DIRECTIONS FOR THIS TASK:
Restate word for word the lines below from the one that has "of Origin: Switzerland" through the one that has "triangular section. |", keeping both and dropping all pictures.

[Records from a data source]
..........
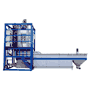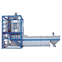 DKB-312VS, 412VS maximizes energy-effciency and productivity by using vacuum method for molding, product cooling and filling. Minimal use of water guarantees easy cutting work in short time and available accessories are also minimized. All are working by compressed air with hydraulic pressure line and this guarantees precise control of process as well as safety. It is designed for full-automatic operation. |
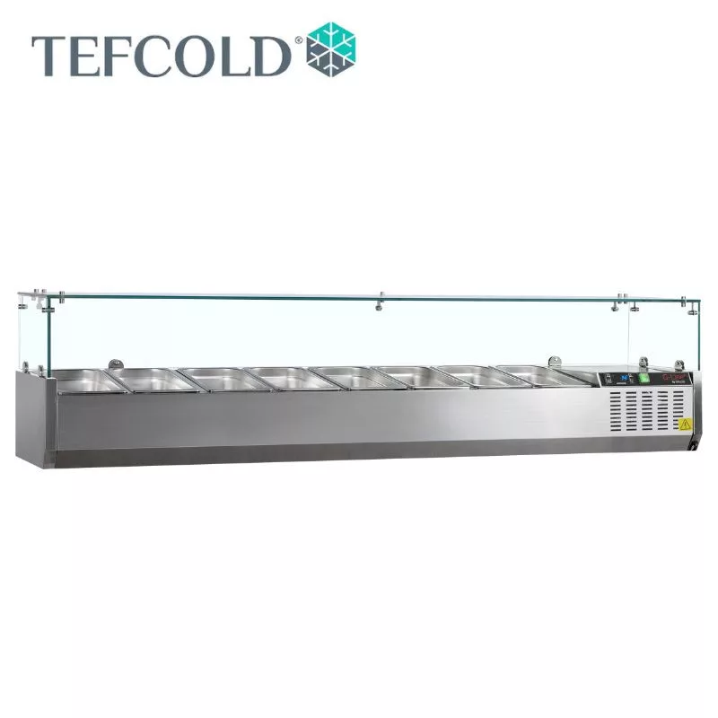 Tefcold Feltéthűtő, 8 x GN1/4, üveg leheletvédő, 1800 x 335 x 448 mm
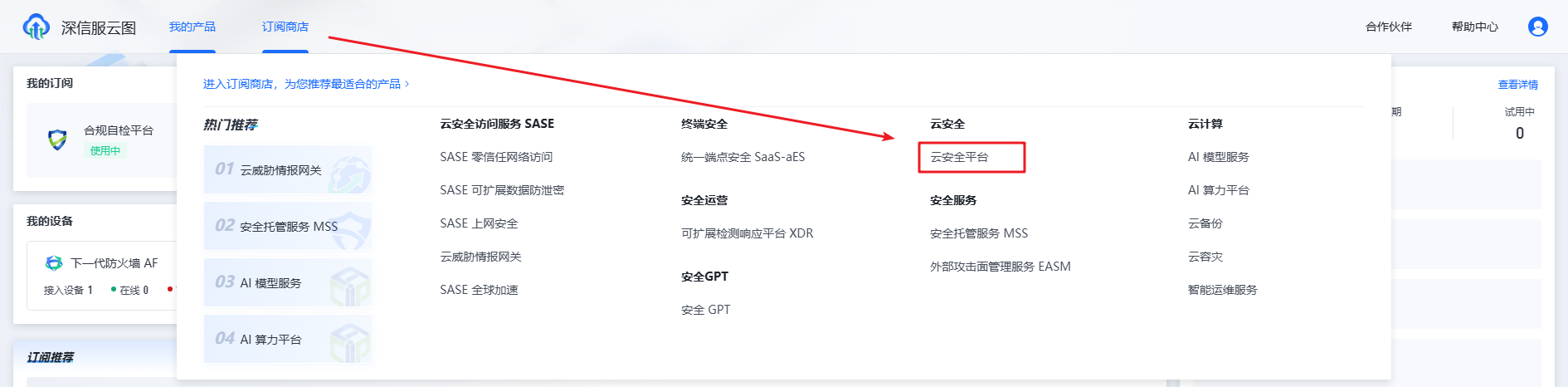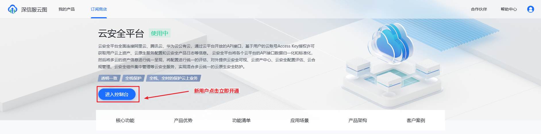 2、登录云图,订阅并进入云安全平台控制台
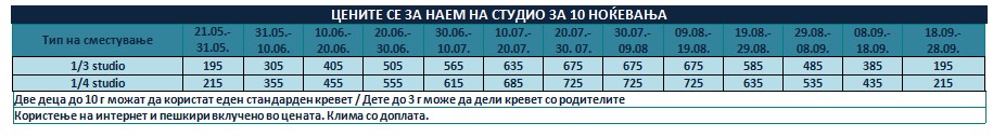 *Понудата е исклучиво за сопствен превоз и нема можност за резервација на автобуски превоз од Македонија!
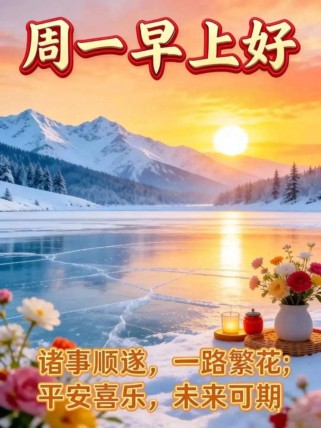 昨天的疲惫已打烊,像花儿合拢花瓣;今天的希望正营业,像太阳张开笑脸;此刻的祝福已送达,像暖流包裹心田。愿好运与你撞个满怀,周一吉祥!
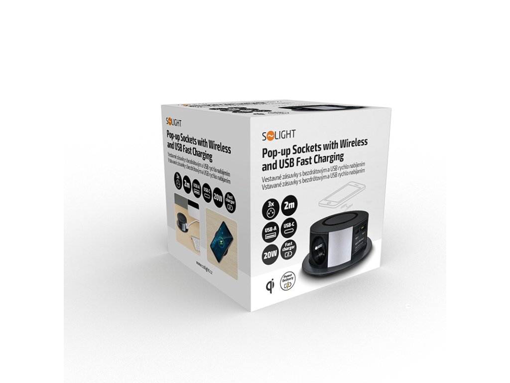 Solight 3z + USB A+C 20W PD, Wireless 10W, výsuvný blok zásuvek, 2m, černý
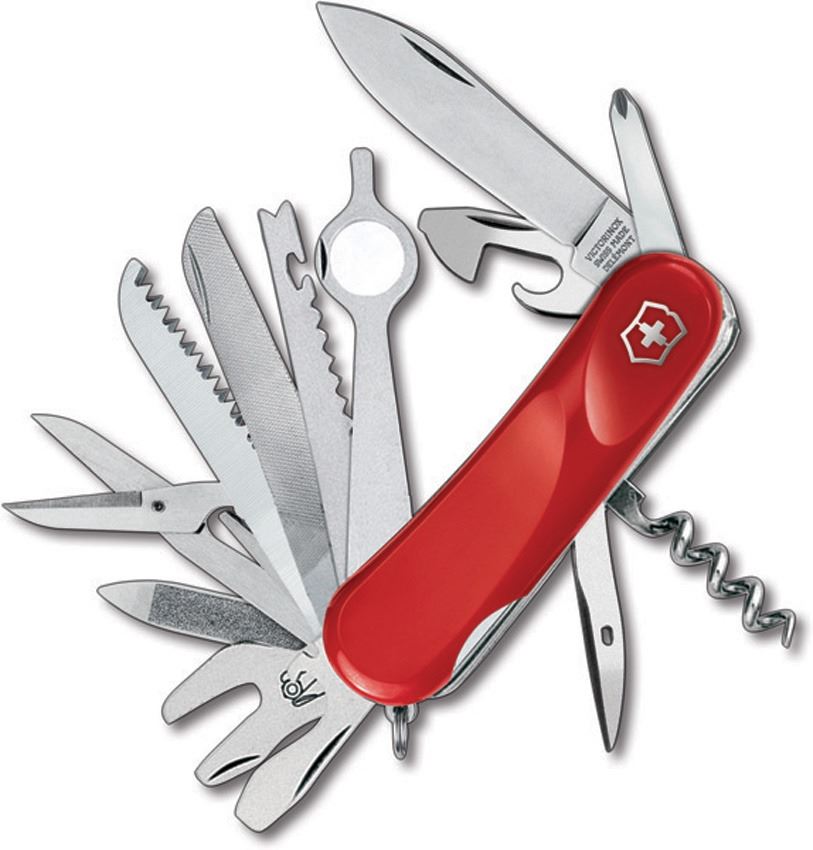 "Victorinox" Victorinox Item Number: VN25383E SRP: $89.95 3 3/8" overall. Features blade, nail file with nail cleaner, lever design serrated edge scissors, can opener with small screwdriver, cap lifter with large locking screwdriver and wire stripper, wood saw, Phillips locking screwdriver, metal file, metal saw, magnifying glass with precision screwdriver, universal wrench, fish scaler with hook disgorger, corkscrew, punch, reamer, tweezers, toothpick, and keyring. Red handles. Weight: 0.35lbs Country of Origin: Switzerland
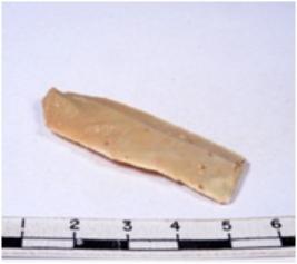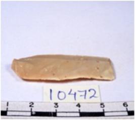 | Description / विवरण | A fragment of a rectangular shaped chert blade showing parallel sides with sharp cutting edges having smooth surface and triangular section. |
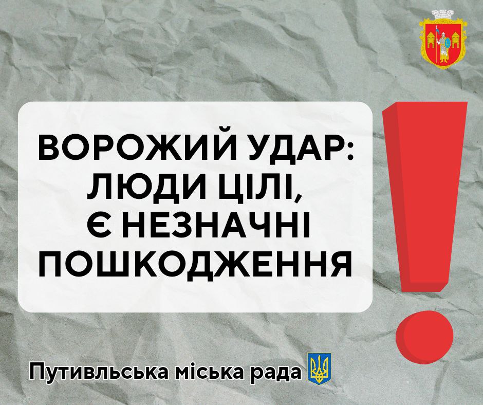 Сьогодні по обіді ворог здійснив атаку на Путивль. Як повідомив міський голова Костянтин Гаврильчук, постраждалих серед населення немає.
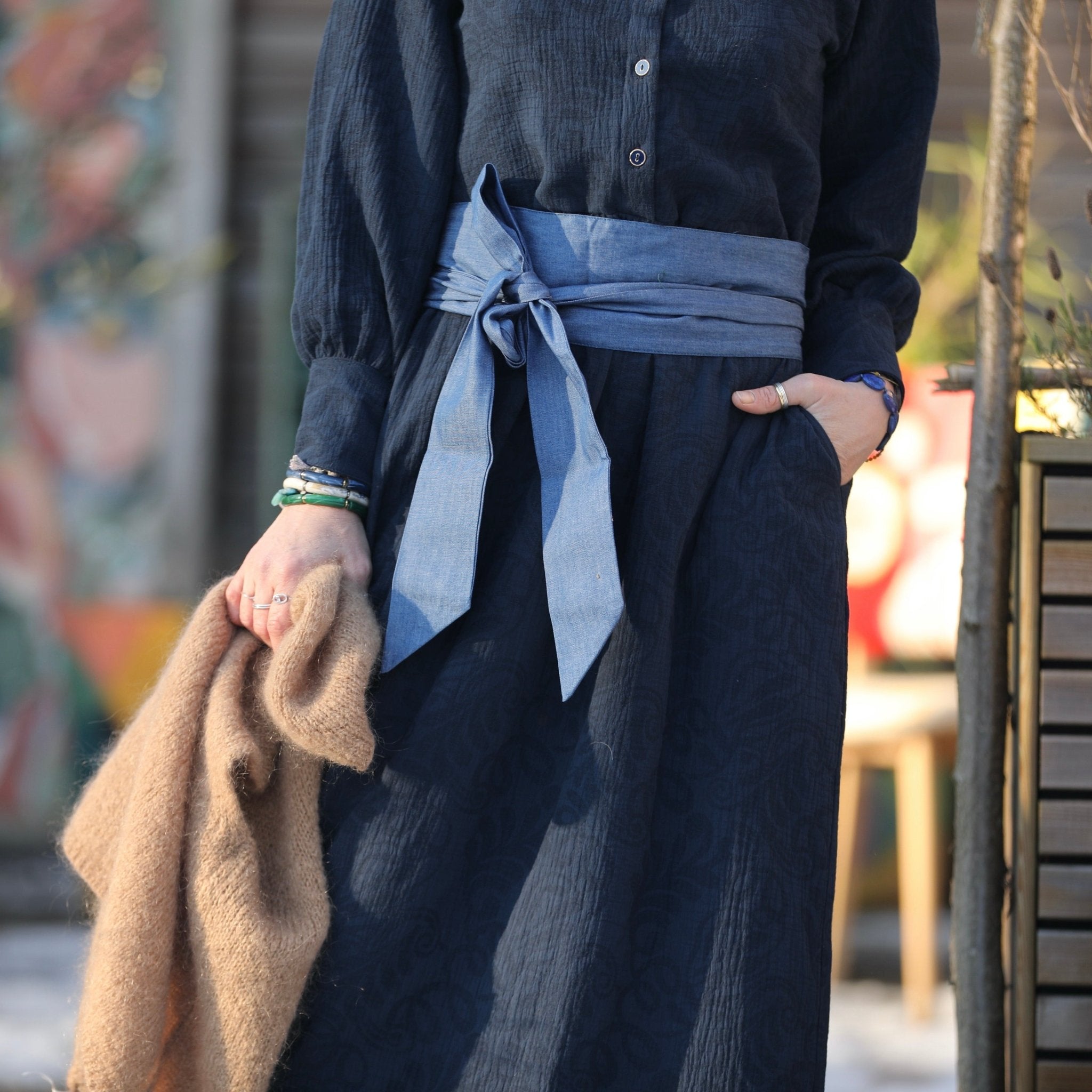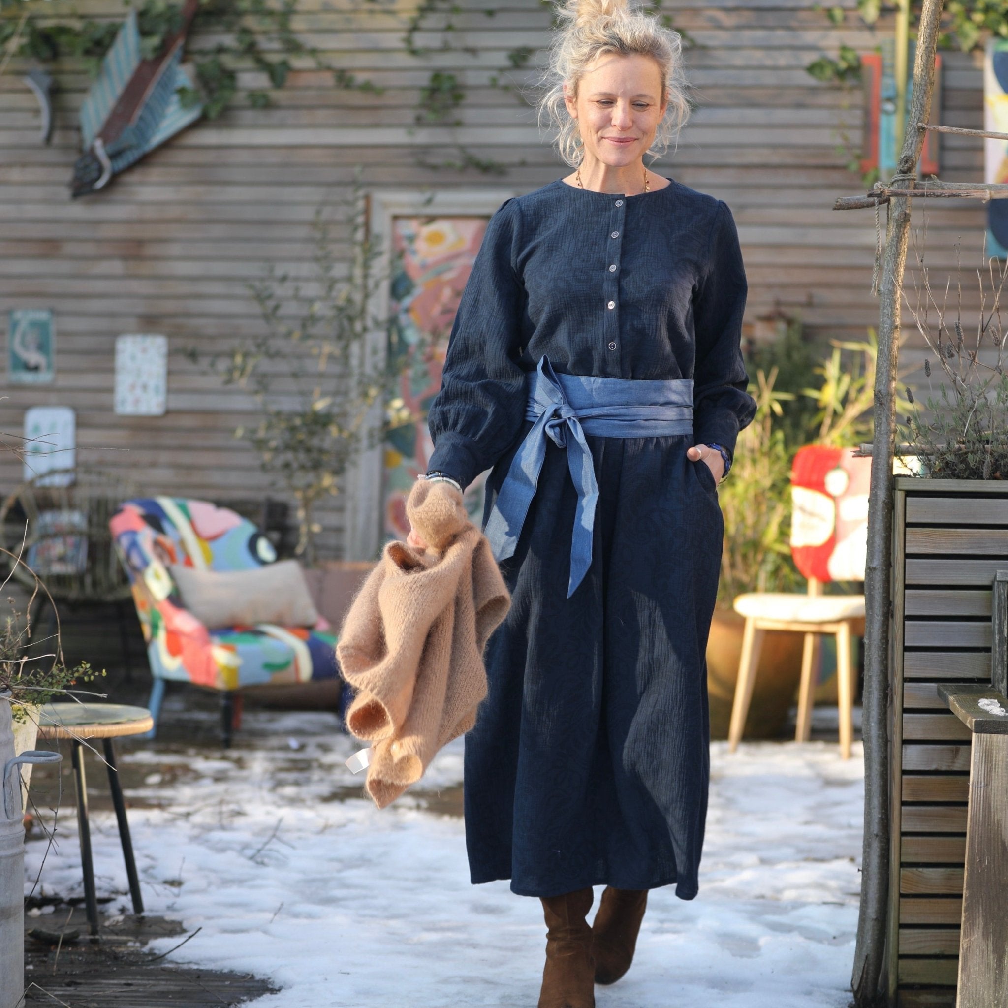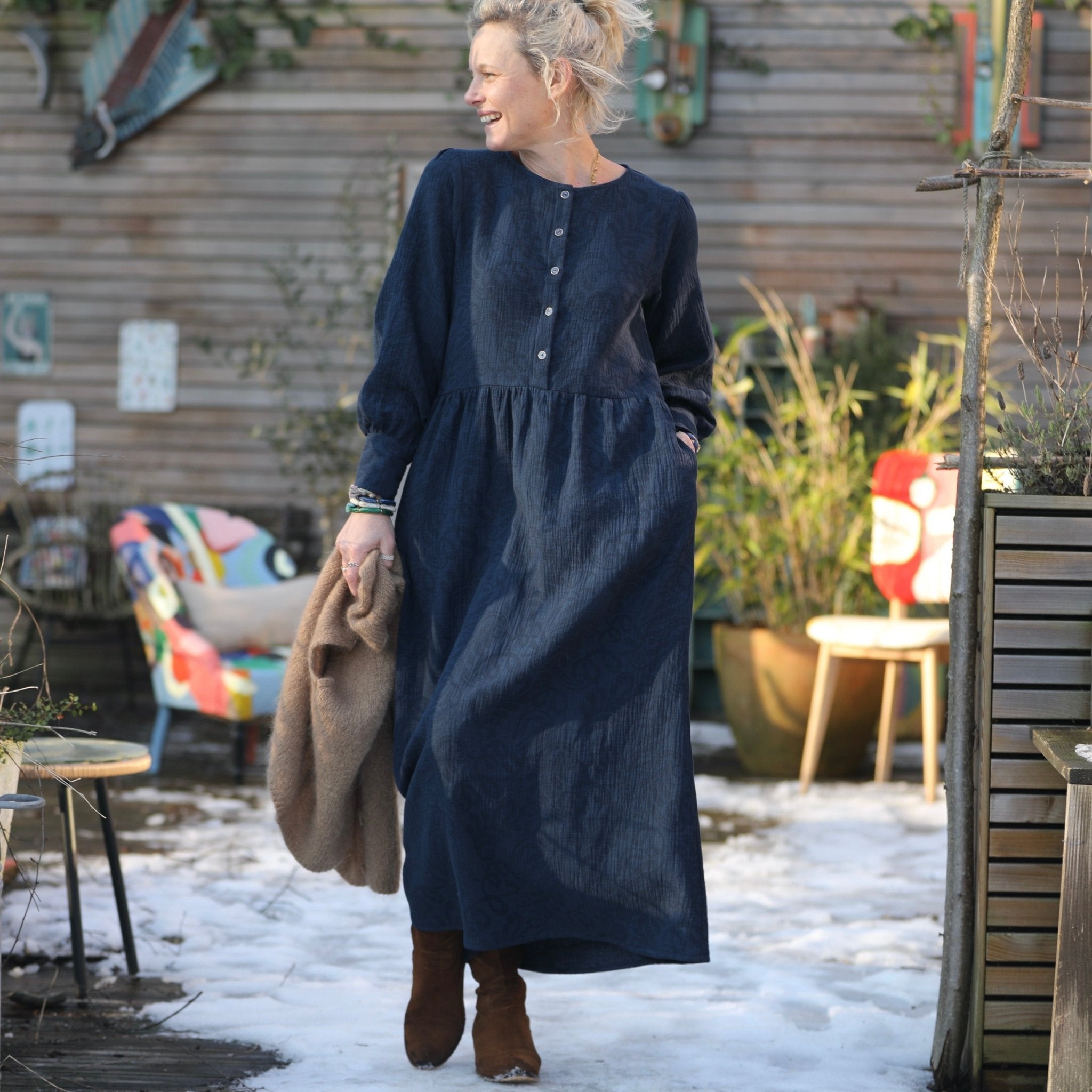 Robe Isis - jacquard coton/lin marine
..........
WRITTEN REPLY:
 "Victorinox" Victorinox Item Number: VN25383E SRP: $89.95 3 3/8" overall. Features blade, nail file with nail cleaner, lever design serrated edge scissors, can opener with small screwdriver, cap lifter with large locking screwdriver and wire stripper, wood saw, Phillips locking screwdriver, metal file, metal saw, magnifying glass with precision screwdriver, universal wrench, fish scaler with hook disgorger, corkscrew, punch, reamer, tweezers, toothpick, and keyring. Red handles. Weight: 0.35lbs Country of Origin: Switzerland
 | Description / विवरण | A fragment of a rectangular shaped chert blade showing parallel sides with sharp cutting edges having smooth surface and triangular section. |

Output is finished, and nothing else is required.